** Work request **
The listing that follows must be retyped exactly, without its pictures.

START Collected material

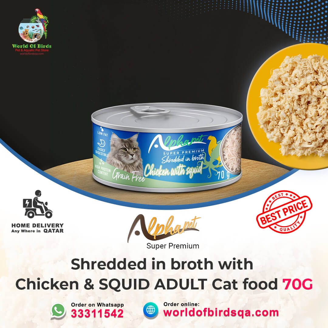 ALPHA PET SUPER PREMIUM DELUXE SHREDDED CHICKEN & SQUID IN BROTH – 70G CANNED CAT FOOD
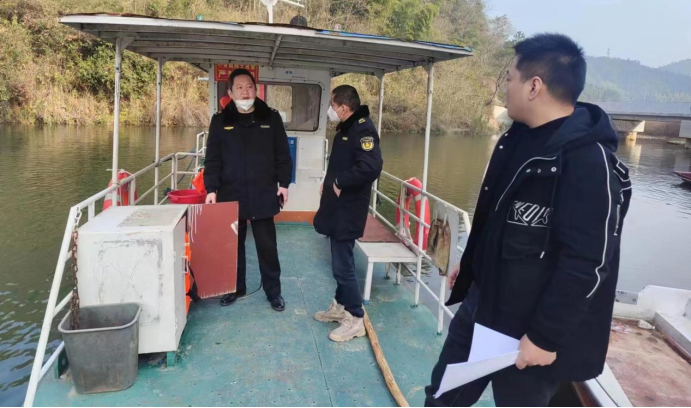 1月9日,靖州縣交通運(yùn)輸綜合行政執(zhí)法大隊(duì)執(zhí)法人員對(duì)一鄉(xiāng)鎮(zhèn)渡口的渡船進(jìn)行檢查
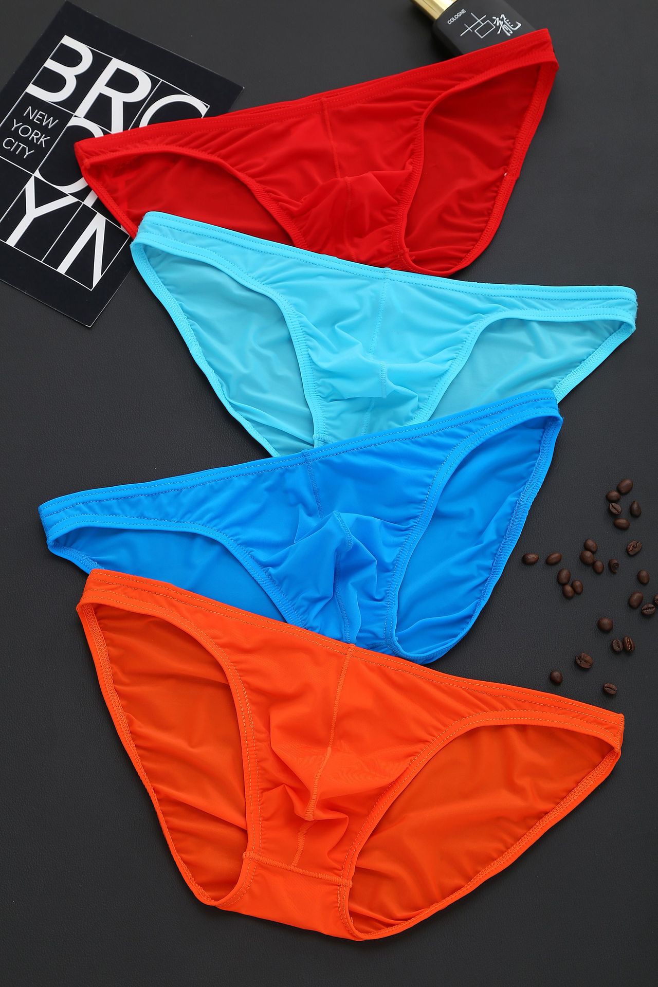 유럽과 미국 남성 아이스 실크 브리프 투명 섹시한 메쉬 원활한 낮은 허리 가을과 겨울 통기성 대외 무역 빠른 건조 초박형스토어 가기
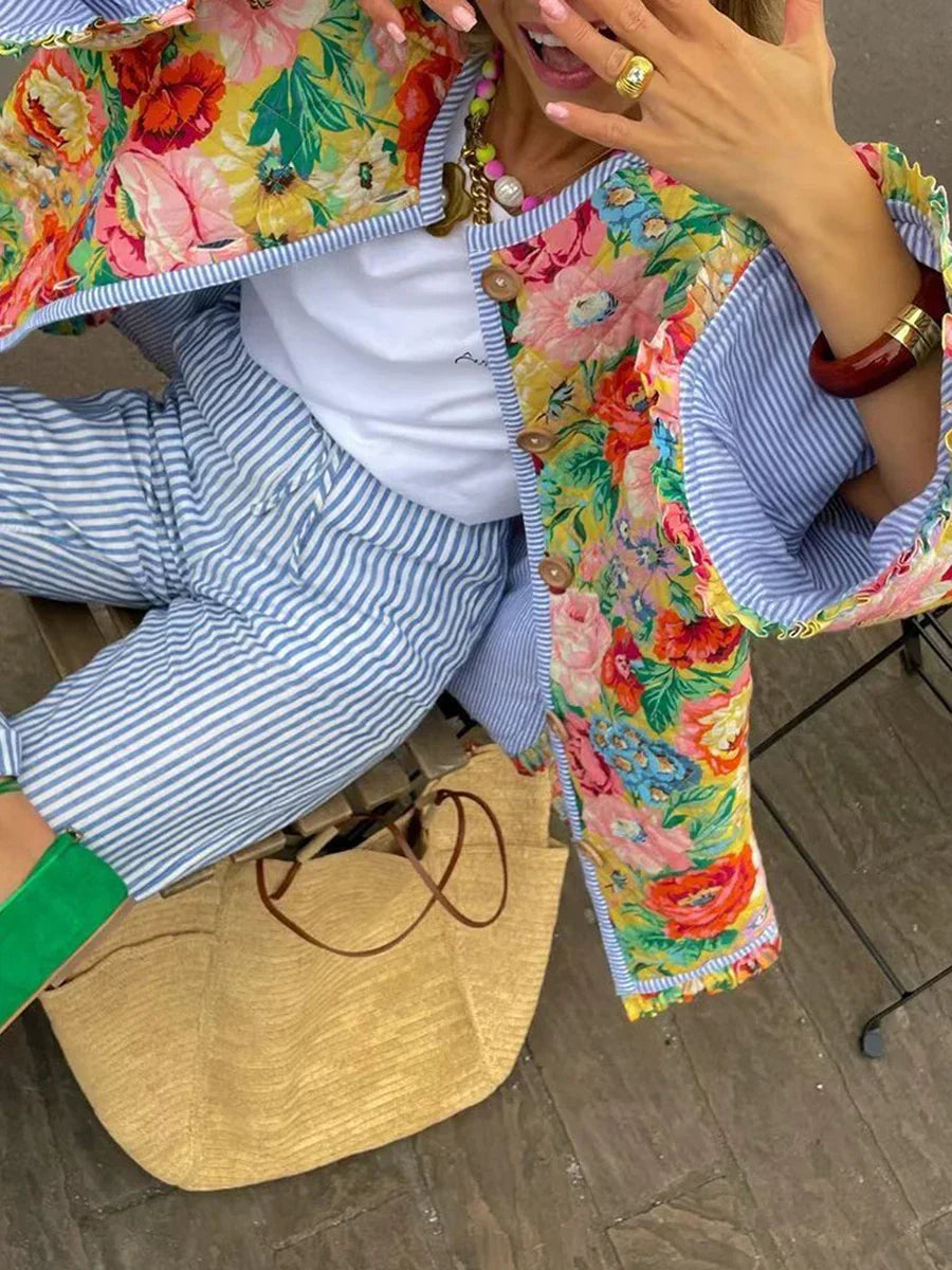 NANCE - Lichtgewicht zomerjas met bloemenprint en Uitlopende mouwen

END Collected material

** Expected answer **
 ALPHA PET SUPER PREMIUM DELUXE SHREDDED CHICKEN & SQUID IN BROTH – 70G CANNED CAT FOOD
 1月9日,靖州縣交通運(yùn)輸綜合行政執(zhí)法大隊(duì)執(zhí)法人員對(duì)一鄉(xiāng)鎮(zhèn)渡口的渡船進(jìn)行檢查
 유럽과 미국 남성 아이스 실크 브리프 투명 섹시한 메쉬 원활한 낮은 허리 가을과 겨울 통기성 대외 무역 빠른 건조 초박형스토어 가기
 NANCE - Lichtgewicht zomerjas met bloemenprint en Uitlopende mouwen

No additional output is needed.